The force on a charged particle in electric field \(\vec{E}\) and magentic field \(\vec{B}\) is given by
\begin{equation}\Label{EQ01} \vec{F} = q (\vec{E} + \vec{v}\times \vec{B}) \end{equation}
where \(q\) is the electric charge of of the charged particle. This expression \eqRef{EQ01} is known as Lorentz force. The equation of motion of the particle under influence of electric and magnetic field is given by
\begin{equation}\Label{EQ02} m \ddot{\vec{r}} = q (\vec{E} + \vec{v}\times \vec{B}) \end{equation}
Vector and Scalar Potentials
We now ask what is the Lagrangian for the charged particle so that the Euler Lagrange equations imply the above equation of motion. The Lagrangian cannot be written in terms of the fields \( \vec{E},\vec{B}\). We need to introduce the vector and scalar potentials \(\vec{A}, \phi\). Recall that the vector and scalar potentials are related to the fields by
\begin{equation}\label{EQ03} \vec{E} = - \nabla \phi - \pp[\vec{A}]{t}, \quad \vec{B} = \nabla \times \vec{A}. \end{equation}
\subsubsection{Lagrangian for a charged particle} In terms of the scalar and vector potentials the Lagrangian for a charged particle is give by
\begin{equation}\label{EQ04} L =\frac{1}{2} m \dot{\vec{x}}^{\,2} + q \dot{\vec{r}}\cdot\vec{A}(\vec{x},t) - q\phi(\vec{x},t) \end{equation}
How do we arrive at this Lagrangian? There will be several approaches.
- Start with d' Alembert's principle and follow the steps used to derive Euler Lagrange equations of motion.

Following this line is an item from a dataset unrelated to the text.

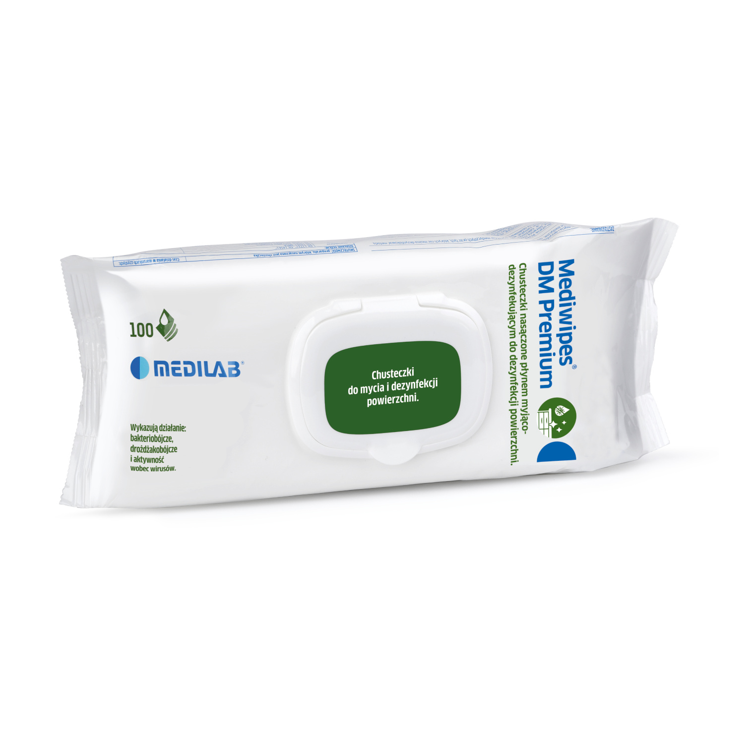 - Mediwipes DM premium to gotowe do użycia chusteczki, które jednocześnie myją i dezynfekują małe powierzchnie, wyroby medyczne i różnego rodzaju wyposażenie, wrażliwe na działanie preparatów alkoholowych.

- Note that the generalized potential \(U(\vec{r},t)\) \begin{equation} U(\vec{x},t) = - q\dot{\vec{x}}\cdot\vec{A}(\vec{x},t) + q\phi(\vec{x},t) \end{equation} gives rise to correct expression for force by means of the equation \begin{equation} F_k = \dd{t}\Big(\dd[U]{\dot{x}_k}\Big) - \pp[U]{x_k}. \end{equation}
We leave it as an exercise for reader to verify that Lagrangian in \eqref{EQ04} gives correct equations of motion \eqref{EQ02}.
Gauge Invariance
It is well known that the electric and magnetic fields do not determine the potentials uniquely. Two sets of different potentials \(\vec{A}, \vec{\phi}\) and \(\vec{A}^\prime, \vec{\phi}^\prime\) give rise to the same fields and hence same EOM if they are related by a gauge transformation
\begin{eqnarray}
\vec{A}^\prime(\vec{x},t) &=& \vec{A}(\vec{x},t) + \nabla
\Lambda(\vec{x},t),\\
\phi^\prime(\vec{x},t) &=& \vec{\phi}(\vec{x},t) - \pp[\Lambda(\vec{x},t)]{t}.
\end{eqnarray}
If we write Lagrangians \(L\) and \(L^\prime\) using the two sets of potentials related as above, the two Lgarangians should give the same Euler Lagrange equations of motion. We will now prove this by showing that \(L\) and \(L^\prime\) differ by a total time derivative.
Let us consider \(L^\prime\)
\begin{eqnarray}
L &=& \frac{1}{2} m \dot{\vec{x}}^{\,2} +
q \dot{\vec{r}}\cdot\vec{A}^\prime(\vec{x},t) -
q\phi^\prime(\vec{x},t)\\
&=& \frac{1}{2} m \dot{\vec{x}}^{\,2} +
q \dot{\vec{r}}\cdot\Big(\vec{A}(\vec{x},t) +\nabla \Lambda \Big) -
q\Big(\phi(\vec{x},t) - \pp[\Lambda]{t}\Big)\\
&=& L + \sum_k q \,\dot{x}_k\cdot \pp{x_k}\Lambda(\vec{x},t) + q
\pp[\Lambda(\vec{x},t)]{t} \\
&=& L + \dd[\Lambda(x_k,t)]{t}
\end{eqnarray}
This completes the proof that the Lagrangians \(L^\prime\) and \(L\) differ by a total time derivative. Therefore they will give rise to the same equations of motion.